# AIM OF THE TASK
Omit all pictures. Reproduce exactly the lines from the first line of the records below through the line with "ガーゼシャツ レディース 長袖".

------ DATA UNDER STUDY ------

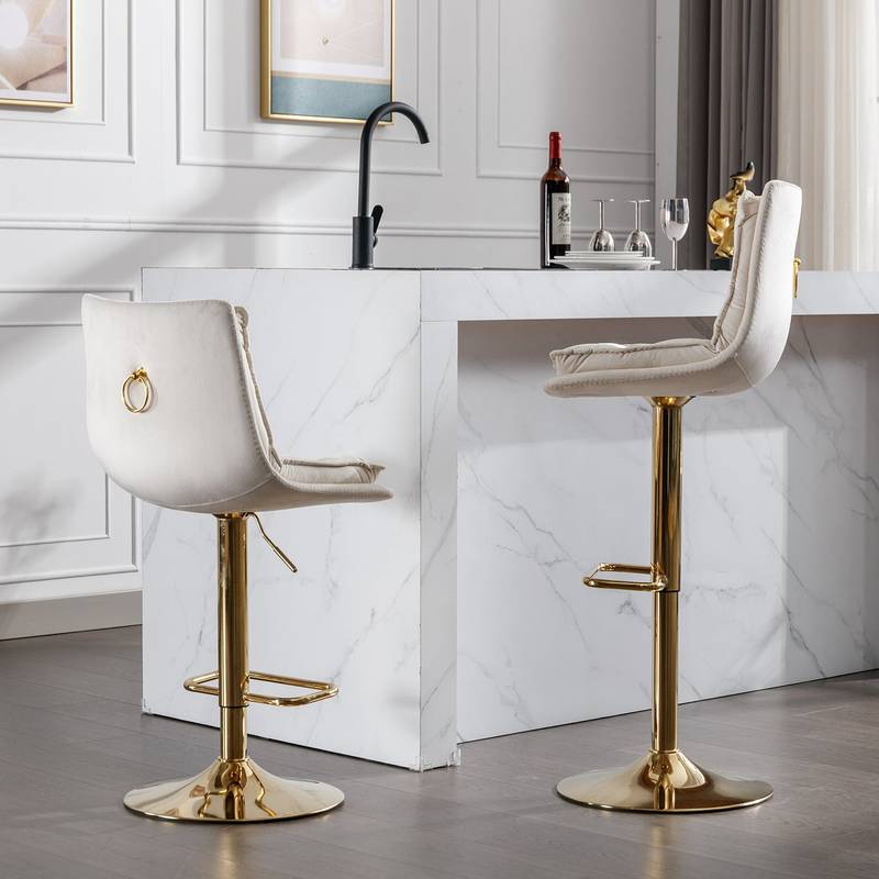 Velvet Swivel Bar Stools with Chrome Shine
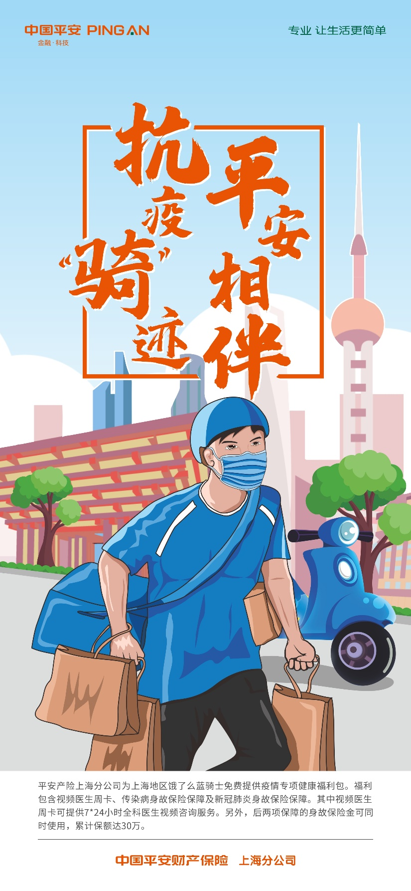 自疫情防控全面进入应急状态以来,物流成为疫情防控阻击战的“生命线”,平安产险上海分公司近日已为上海地区的饿了么平台“蓝骑士”免费提供疫情专项健康福利包。福利包含视频医生周卡、传染病身故保险保障及新冠肺炎身故保险保障。其中,视频医生周卡可提供7*24小时全科医生视频咨询服务。另外,后两项保险保障的身故保险金可同时使用,两者累计保额高达30万元。通过给快递工作人员提供保险保障,平安产险上海分公司为他们的平安出行保驾护航,进而助力城市居民生活物资“运得畅、供得上、送得到”。
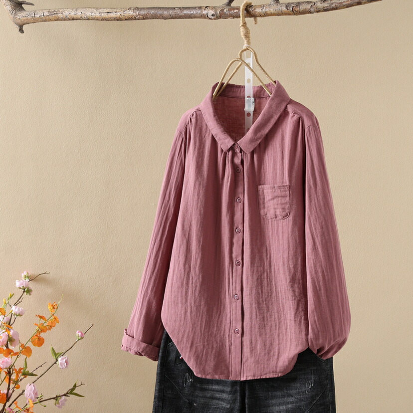 ガーゼシャツ レディース 長袖 半袖 トップス シャツ ブラウス 新登場! 白(半袖) 黒グレー(半袖) ピンクパープル(半袖) グレー緑(半袖) ブルー(半袖) ダークピンク(半袖) カーキキャメル(半袖) 白(長袖) ブルー(長袖) グレー緑(長袖) 紺色(長袖) ダーク緑(長袖) 赤(長袖) ダークピンク(長袖) カーキキャメル(長袖) M L
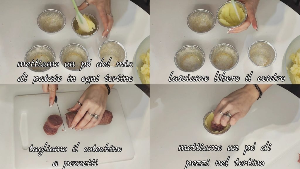 Ponemos un poco de la mezcla de patatas en cada uno dejando el centro libre. Cortamos el cotechino en trozos y ponemos algunos en los pastelitos.
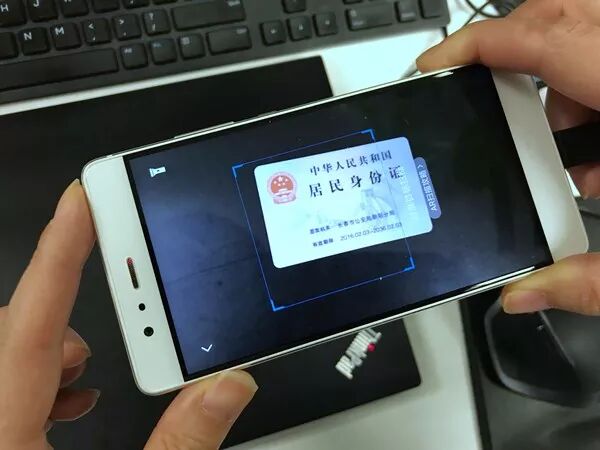 手机在联网环境下,扫描二代身份证带有国徽和长城图案的一面。

------

# PROBLEM SOLUTION
 Velvet Swivel Bar Stools with Chrome Shine
 自疫情防控全面进入应急状态以来,物流成为疫情防控阻击战的“生命线”,平安产险上海分公司近日已为上海地区的饿了么平台“蓝骑士”免费提供疫情专项健康福利包。福利包含视频医生周卡、传染病身故保险保障及新冠肺炎身故保险保障。其中,视频医生周卡可提供7*24小时全科医生视频咨询服务。另外,后两项保险保障的身故保险金可同时使用,两者累计保额高达30万元。通过给快递工作人员提供保险保障,平安产险上海分公司为他们的平安出行保驾护航,进而助力城市居民生活物资“运得畅、供得上、送得到”。
 ガーゼシャツ レディース 長袖 半袖 トップス シャツ ブラウス 新登場! 白(半袖) 黒グレー(半袖) ピンクパープル(半袖) グレー緑(半袖) ブルー(半袖) ダークピンク(半袖) カーキキャメル(半袖) 白(長袖) ブルー(長袖) グレー緑(長袖) 紺色(長袖) ダーク緑(長袖) 赤(長袖) ダークピンク(長袖) カーキキャメル(長袖) M L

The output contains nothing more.